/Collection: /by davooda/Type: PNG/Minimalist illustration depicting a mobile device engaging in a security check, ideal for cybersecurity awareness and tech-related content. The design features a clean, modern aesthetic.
--
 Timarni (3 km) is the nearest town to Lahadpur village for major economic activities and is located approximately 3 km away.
---
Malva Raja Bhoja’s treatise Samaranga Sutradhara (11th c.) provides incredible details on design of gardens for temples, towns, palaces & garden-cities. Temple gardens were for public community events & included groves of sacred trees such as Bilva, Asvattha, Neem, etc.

• What the exercise asks:
Report back each line in the material above that contains the string "design".

• Answer space:
/Collection: /by davooda/Type: PNG/Minimalist illustration depicting a mobile device engaging in a security check, ideal for cybersecurity awareness and tech-related content. The design features a clean, modern aesthetic.
Malva Raja Bhoja’s treatise Samaranga Sutradhara (11th c.) provides incredible details on design of gardens for temples, towns, palaces & garden-cities. Temple gardens were for public community events & included groves of sacred trees such as Bilva, Asvattha, Neem, etc.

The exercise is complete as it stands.